Upon successfully loading the Cloud Pod, the Lambda function can be invoked again, and the log output should be the same as before.
LocalStack Cloud Pods also feature different merge strategies to merge the state of a Cloud Pod with the current LocalStack instance.
You can use the --merge
flag to specify the merge strategy.
The available merge strategies are:
- Load with overwrite: This is the default merge strategy. It will load the state of the Cloud Pod into the current LocalStack instance and overwrite the existing state.

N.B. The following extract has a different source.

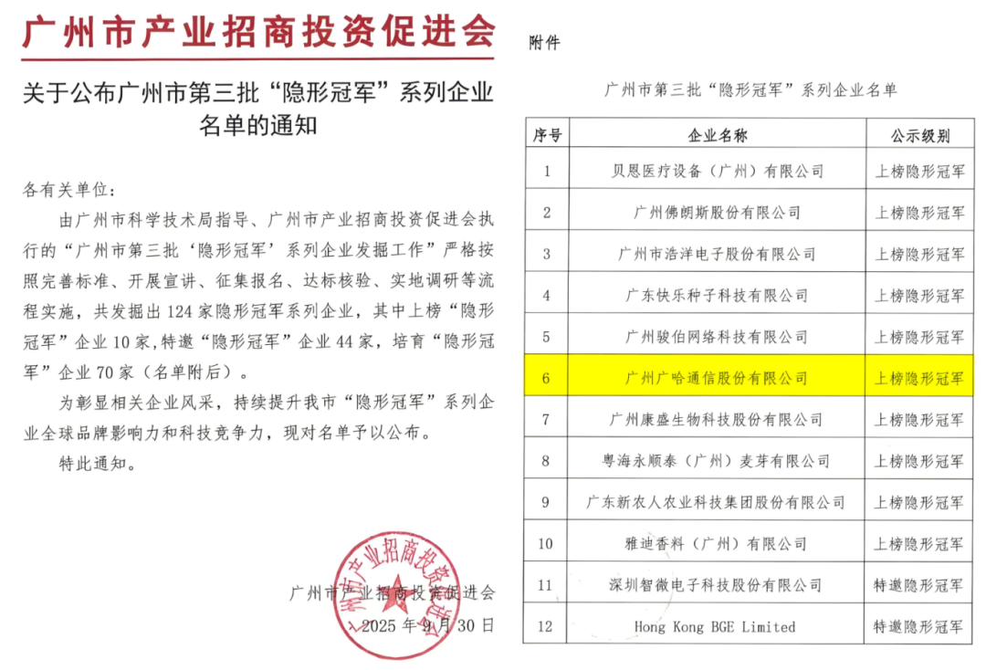 近日,广州市第三批“隐形冠军”企业名单揭晓,广哈通信凭借智能指挥调度领域的深厚积淀与突出实力成功入选。这一荣誉不仅是对其细分市场领导力的权威认可,更彰显了广州培育创新企业、激活产业动能的丰硕成果。

- Load with basic merge: This merge strategy will load the state of the Cloud Pod into the current LocalStack instance and merge the existing state with the state of the Cloud Pod.
- Load with deep merge: This merge strategy will load the state of the Cloud Pod into the current LocalStack instance and merge the existing state with the state of the Cloud Pod. It will also merge the existing state with the state of the Cloud Pod recursively.
Conclusion
In conclusion, LocalStack Cloud Pods facilitate collaboration and debugging among team members by allowing the sharing of local cloud infrastructure and instance state. These Cloud Pods can be used to create reproducible environments for various purposes, including machine learning. By using Cloud Pods, teams can work together to create a reproducible environment for their application and share it with other team members. Additionally, Cloud Pods can be used to pre-seed continuous integration (CI) pipelines with the necessary instance state to bootstrap testing environments or to troubleshoot failures in the CI pipeline.
For more information about LocalStack Cloud Pods, refer to the documentation provided. The code for this tutorial, including a Makefile to execute it step-by-step, is available in the LocalStack Pro samples repository on GitHub.